The Art of Concision...


"I didn't have time to write a short letter, so I wrote a long one instead."  - Mark Twain

"Everything should be made as simple as possible, but no simpler."         - Albert Einstein 

I am stuck between Twain's "too long" and Einstein's "too simple".          - Too Much Den

Next month, I will begin my 19th year as the President of a cognitive analytics company. It’s a job that has challenged the full extent of my creativity, my problem solving acumen, my sub-par diplomatic skills, and my general tendency to persevere through challenge. On the whole, I think I have earned passing grades, with one possible exception.

I am not exaggerating when I say that, on the majority of the nearly 7,000 days that I have held this job, I have devoted some portion of my day pondering how best to tell the story of what our company does. Now, I think I have at least average communication skills, and I have devoted immense effort to this problem, but somehow, I’ve not yet constructed a satisfying version of our story that is both lucid and concise.

The long version, that makes our commercial proposition clear and compelling, is too detailed and too boring for most audiences.
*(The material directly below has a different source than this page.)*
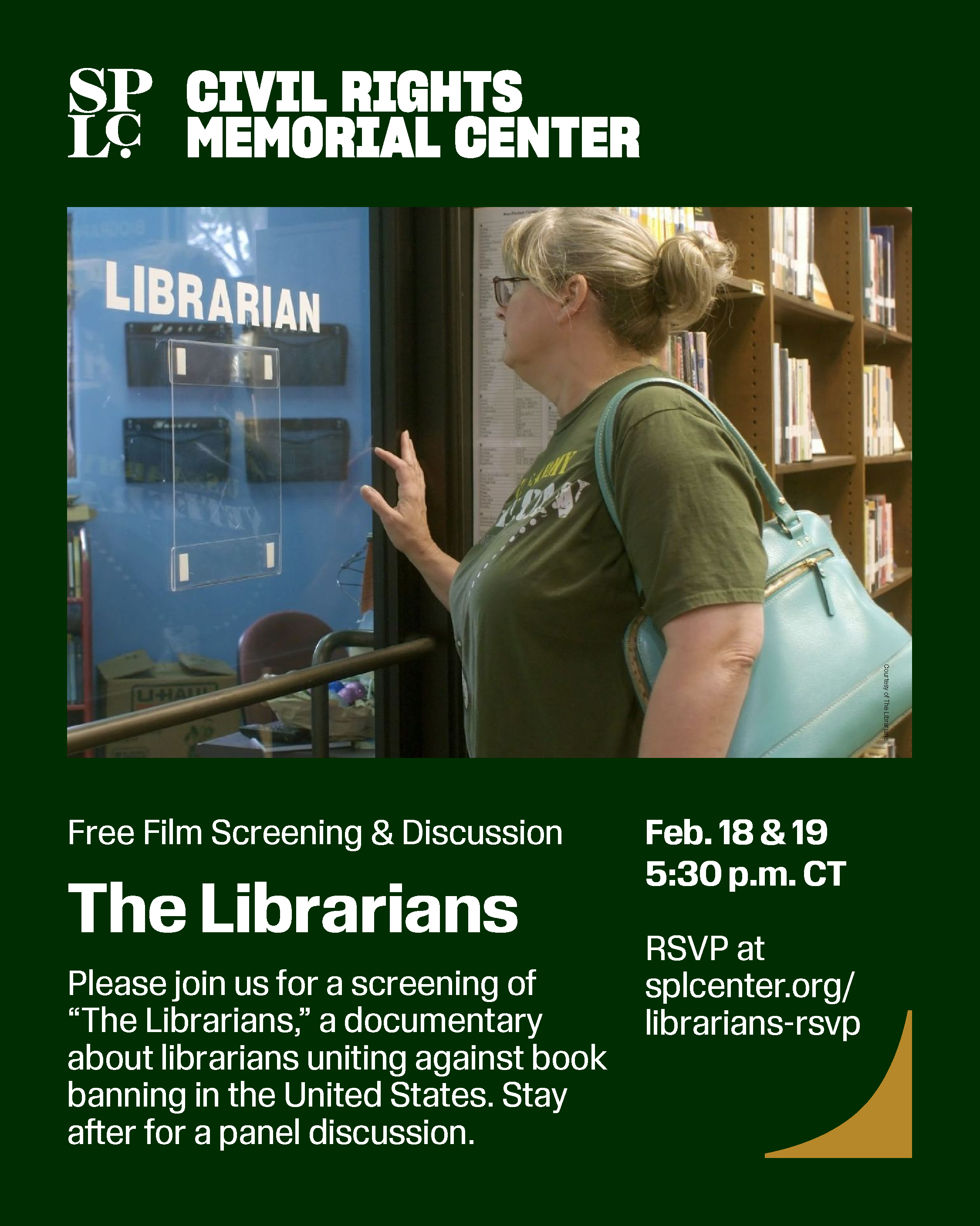 Wednesday, February 18, 2026 at 05:30 PMCival Rights Memorial Center in Montgomery, AL0 RSVPsThe Librarians - Free Film Screening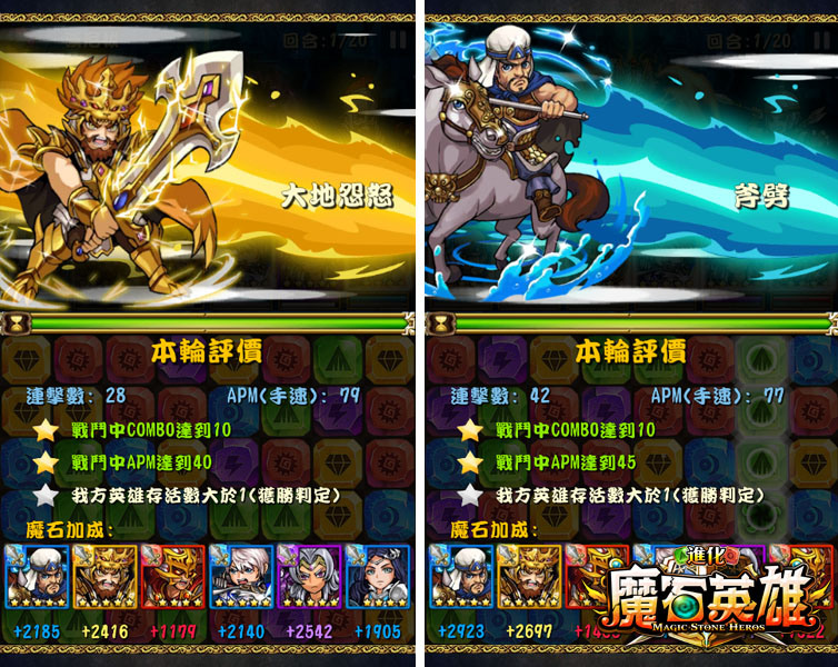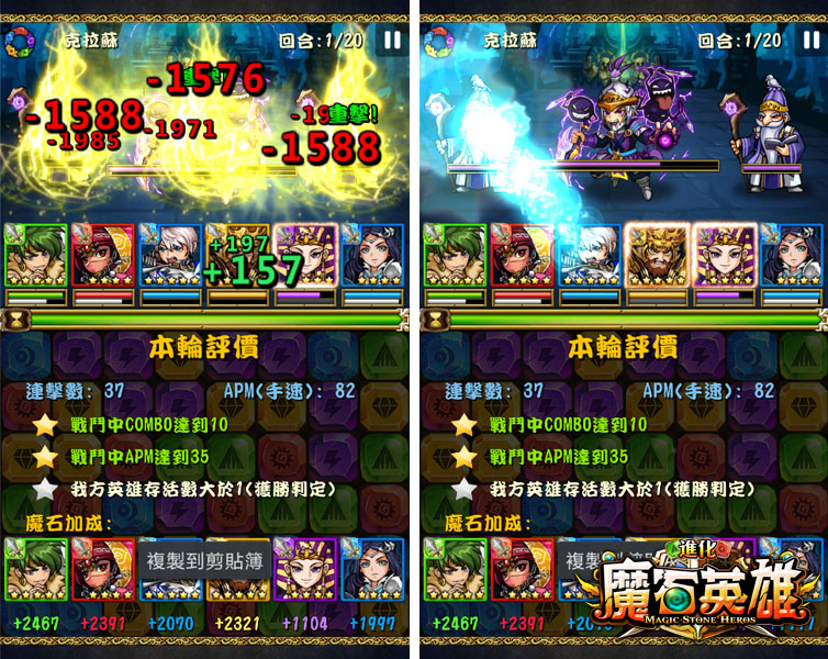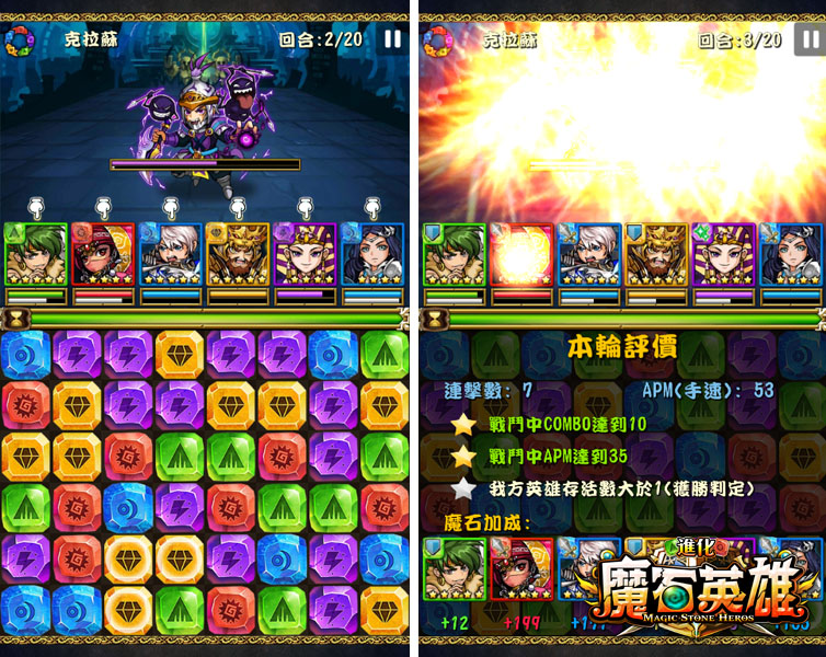 攻擊模式下,魔石消除可以為英雄的下次攻擊帶來額外加成,

The short version leaves most wondering what it is that we actually do. I’ve never found the middle ground that balances the two approaches.

Part of the problem is that our story is not simple. To appreciate it, one must have a smidge more than a cursory grasp of the US healthcare system, of inferential statistics, and of human cognition. However, squeezing together even a single sentence about each of these diverse and complicated topics makes for a necessarily complex plot.

I am writing this blog entry while preparing for an investor presentation and wrestling with this very problem. I am hopeful that a momentary diversion, a brief interlude with my imaginary readers, might finally shake into place the right series of thoughts, the precise words and statements that explain why our business is valuable and important.

Mark Twain implied that “time” was the key ingredient for brevity in composition, but after 18 years of trying, I’m not so sure.